Mr. Friar points to an experiment with lab rats that dramatized the role oxytocin plays in fostering exclusive attachment to one love object. In the experiment, he says, a female rat in heat was injected with oxytocin as she watched a particular male rat. The female was then placed in a group of male rats that included the one she saw when she received the hormone.
"The female rat then fought off all the other male rats to get to the one she saw when she was given oxytocin," Mr. Friar says.
But he cautions that a human female receiving oxytocin wouldn't necessarily respond that way. He notes that if he didn't bathe for six months, his wife wouldn't respond to him sexually, no matter how much oxytocin she received while observing him.
"The human brain is so complicated. There is tremendous inter-play...hormones are part of a very big picture," he says.
Mr. Friar says an individuals family background and "current environment" are also factors in the outcome of a relationship. "It's not as simple as saying a nasal spray will take care of everything. You really have to work at it," he says.
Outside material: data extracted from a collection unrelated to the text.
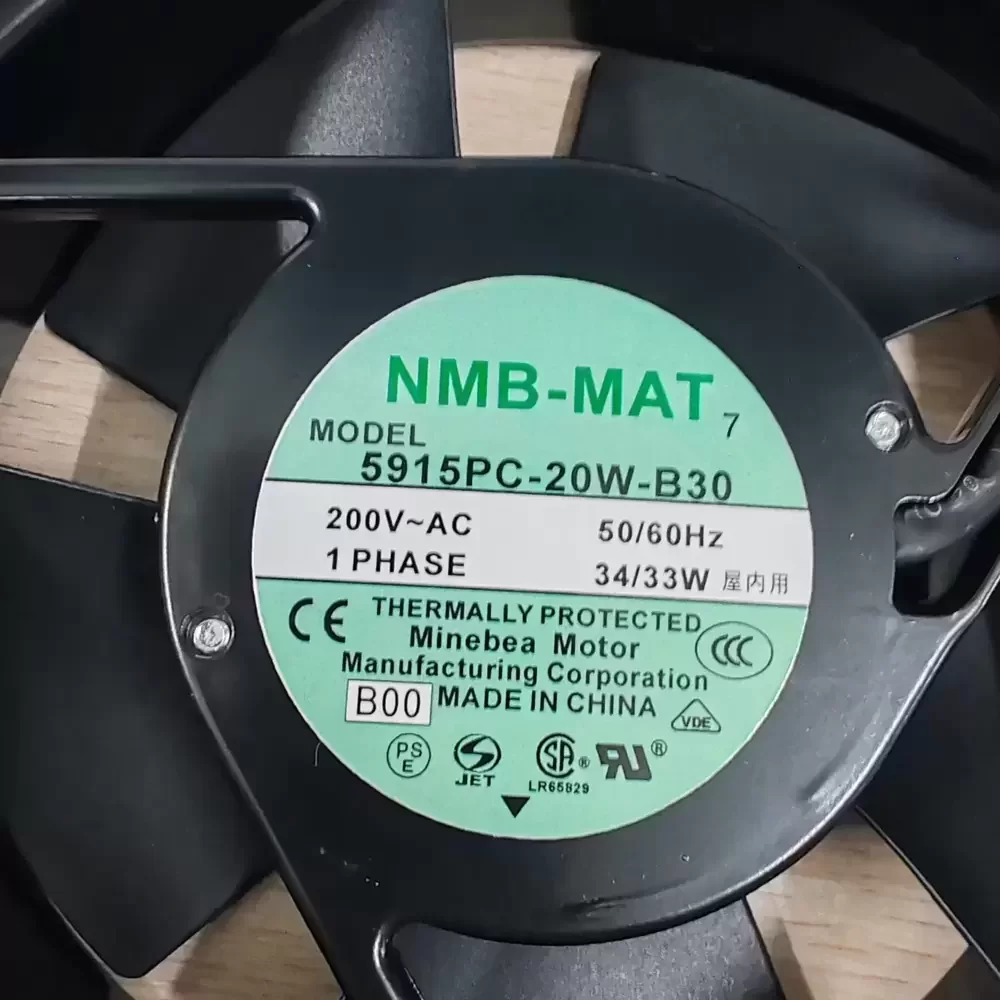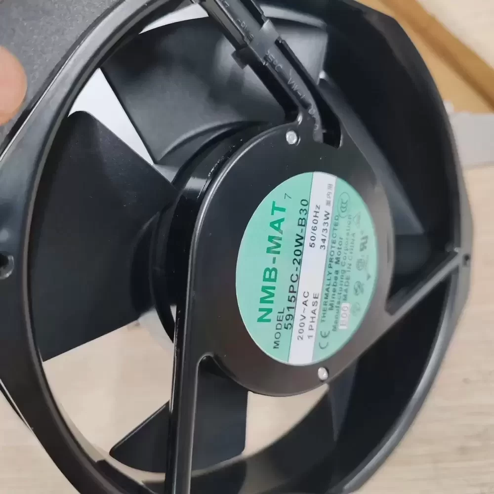 The NMB 5915PC-20W-B30-B00 is a high-capacity AC Axial Fan engineered for demanding thermal management in industrial environments. Utilizing a robust shaded pole motor architecture and a precision dual ball bearing system, this unit ensures low thermal impedance and exceptional structural rigidity under continuous duty cycles. The aerodynamic impeller design is optimized for high static pressure and volumetric airflow, while the die-cast aluminum housing provides superior heat dissipation and mechanical integrity. This model is specifically designed to maintain stable cooling performance in high-impedance systems where reliability and long-term service life are critical operational requirements.
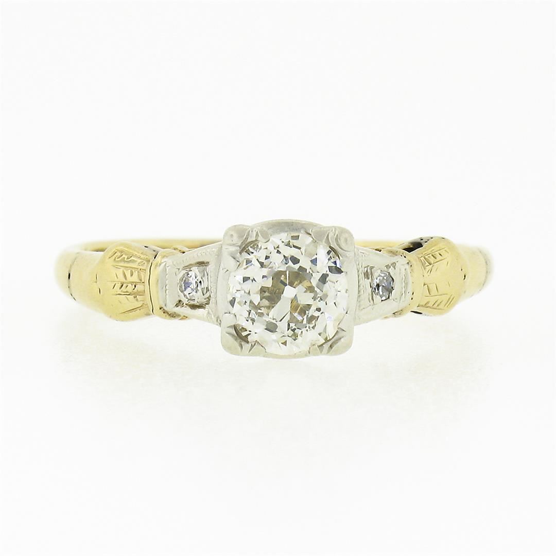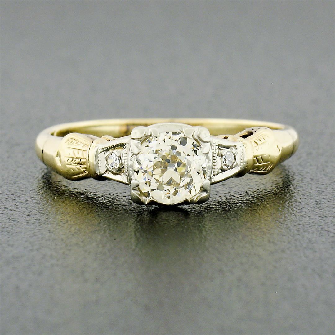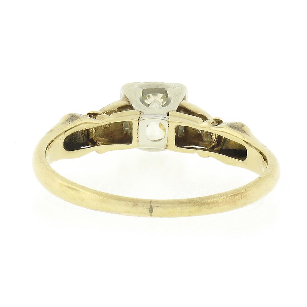 An antique solid 14k yellow and white gold engagement ring, with 1 old european cut natural diamond (M/N - VS2 ; 0.50ct), accented with 2 old single cut natural diamonds (H/I - VS2 ; 0.04ctw). The ring is size 5.5, weighs a total of 1.67 grams, and measures 5.65mm wide.
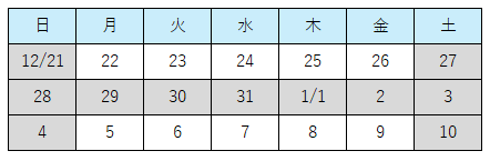 休業日:12月27日(土)~ 1月4日(日) 営業開始:1月5日(月)9:00~
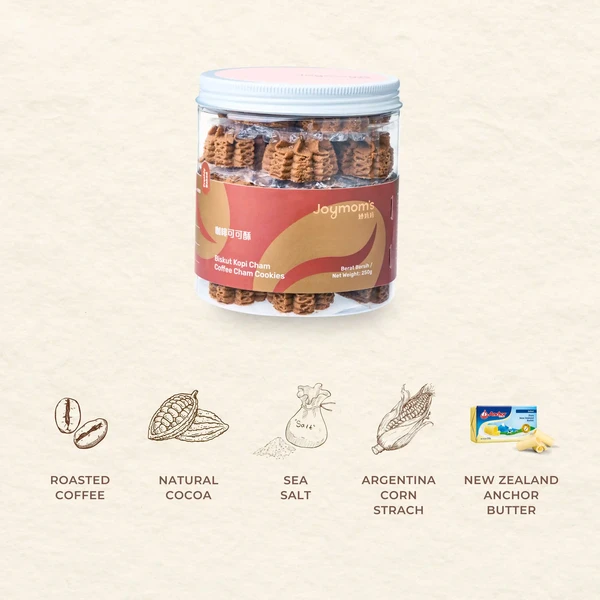 - Made with New Zealand Anchor butter and premium wheat flour, this cookie is baked to a soft and crispy perfection. Infused with aromatic coffee and rich chocolate, each bite delivers a satisfying Coffee-Cham blend that’s both bold and comforting. A light sprinkle of sea salt enhances the flavors even further, balancing the sweetness and elevating the overall aroma. The rich, creamy butter base melts in your mouth, creating an irresistible texture that keeps you reaching for more. A must-try for coffee lovers and dessert fans alike!
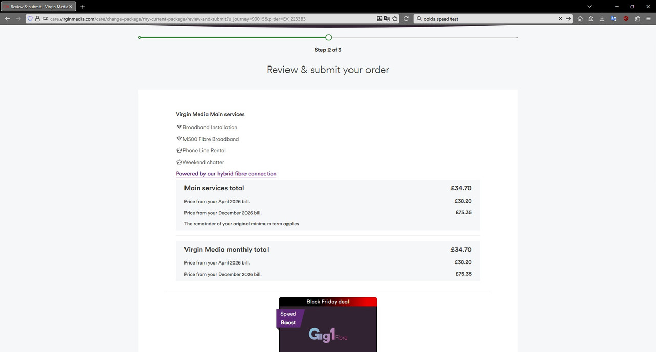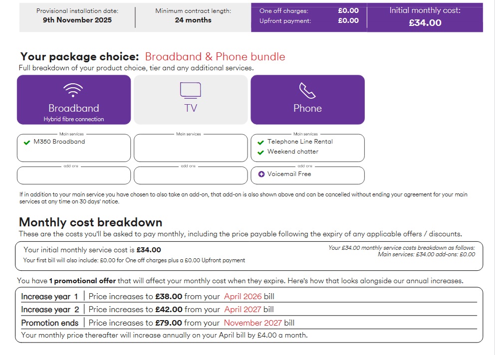 After browsing the website the other day I noticed my Black Friday upgrade deal that I could move up to 500mb for only £3 month extra with no new contract. After thinking it over I decided to do it but when I've received my pre contract documents today it's stating that I've been put on a new 24 month contract and being charged the extra £3 per month but my speed will still be 350mb.
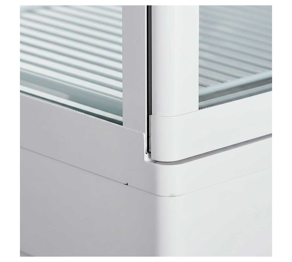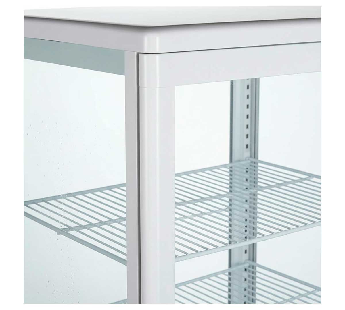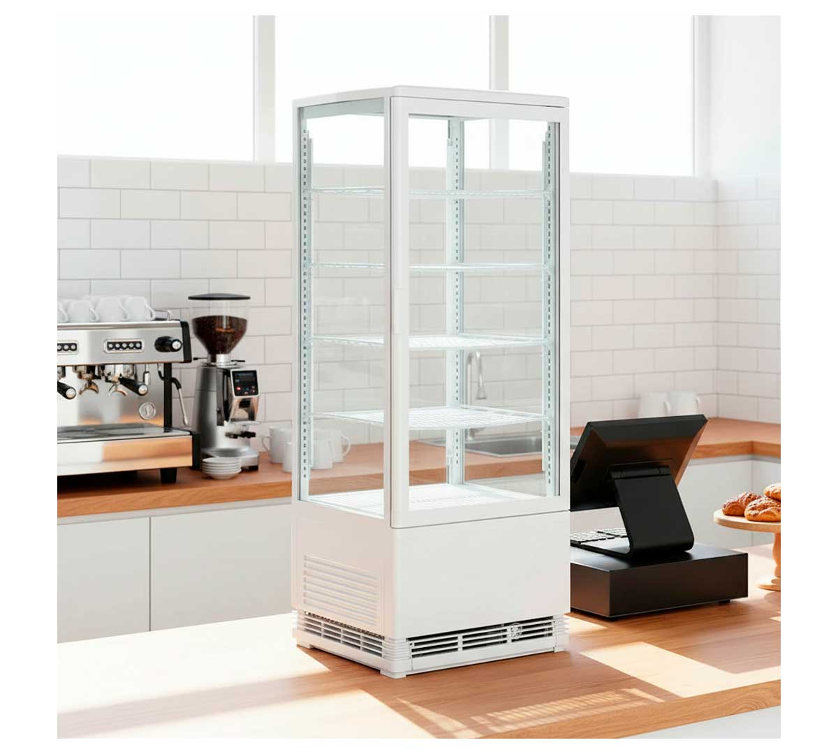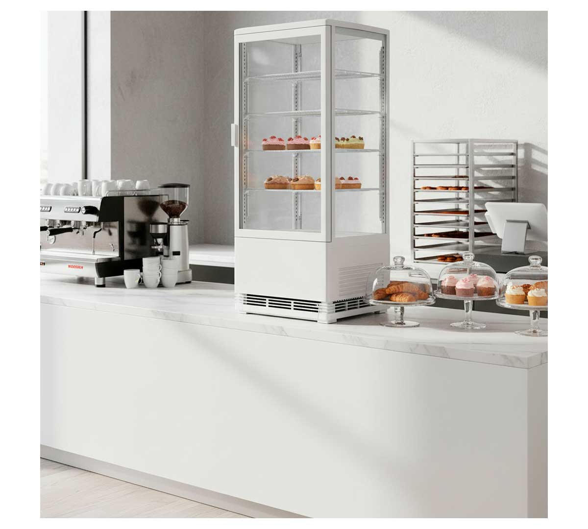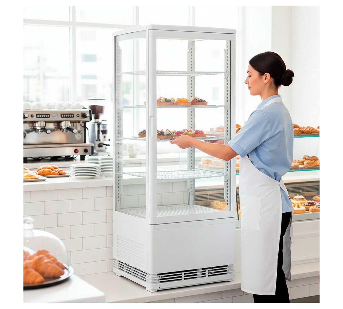 Vitrina expositora con los 4 laterales de vidrio para una mayor exposición de los productos. Dispone de puerta para autoservicio y estantes ajustables. Con desescarche automático y termostato variable. Es ideal para bares cafeterías y pastelerías.
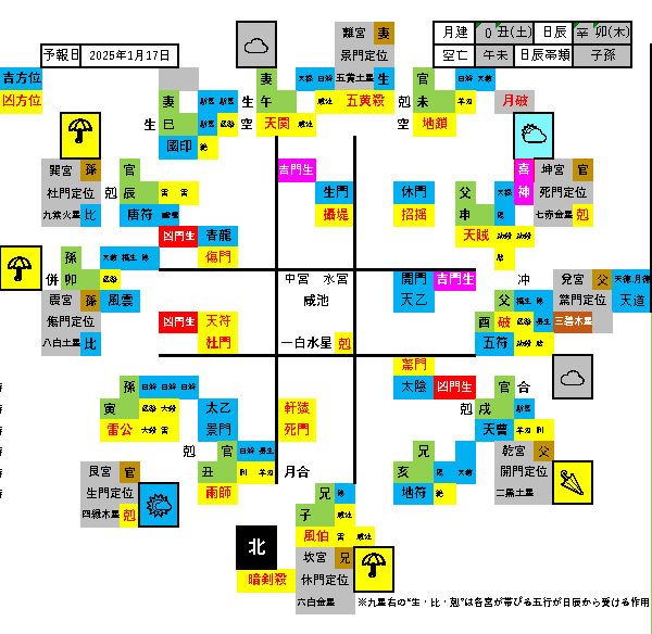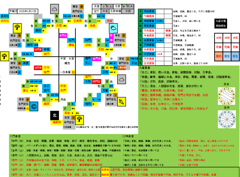 吉凶半々方位(生門旺相・五黄殺同会) お出かけした場合の方位事象…
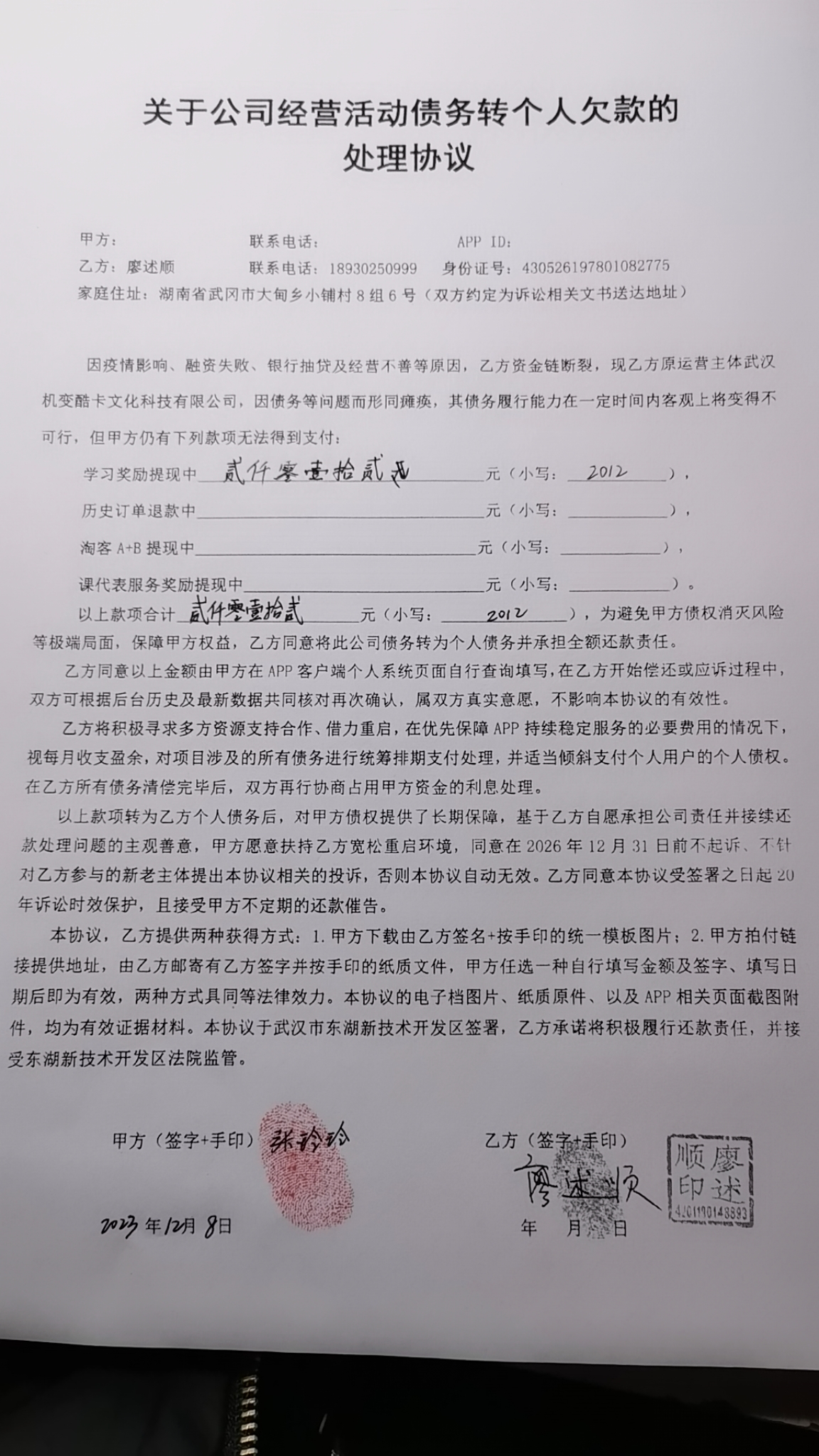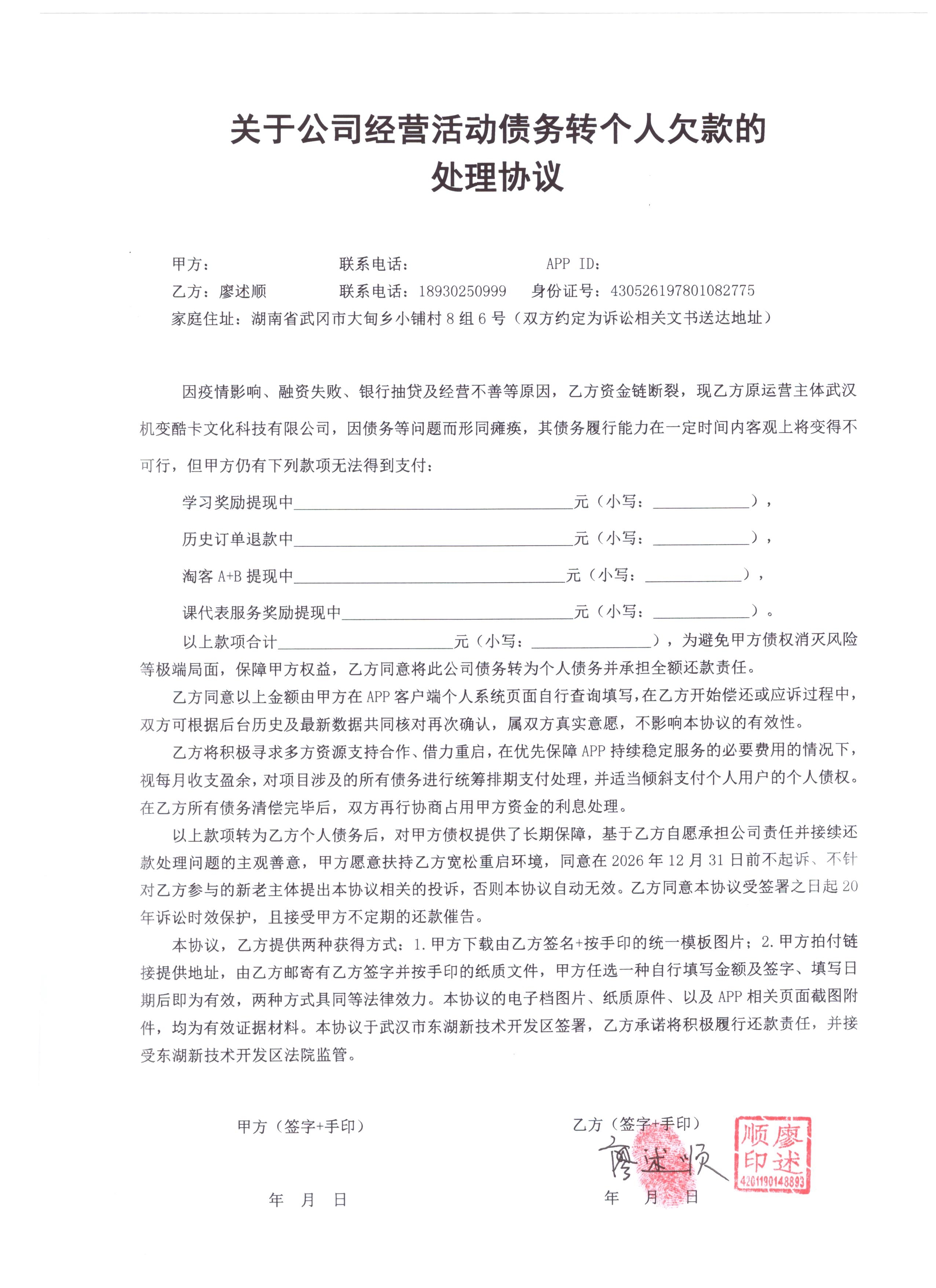 1、下载公司债务转个人债务处理协议并打印(有条件的尽量彩打);
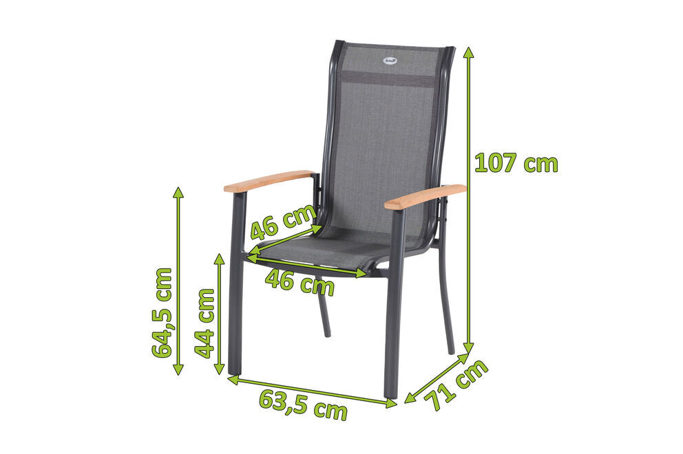 1x HARTMAN Alice Dining Stuhl, xerix/anthrazit, Alu/2x2 Textilene, mit Teak-Armlehnen (65292210)

"My wife and I have been married 37 years, and I make a point of complimenting her once or twice a day...and I recently surprised her by giving her a pair of pearl earrings- which I knew she really liked and wanted- when we were together on an airplane flying over the ocean," he says.
He argues that oxytocin alone can't be counted on to keep a relationship intact, saying levels of the hormone "begin to drop after four or five years."
Levels of oxytocin would seem to be inadequate in so-called "sex addicts" and others who move from affair to affair rather than face long-term commitment. Such persons, Mr. Walsh says, discover they "cant' get the same love high [they've come to expect and desire] with the same person," so they move on to another conquest.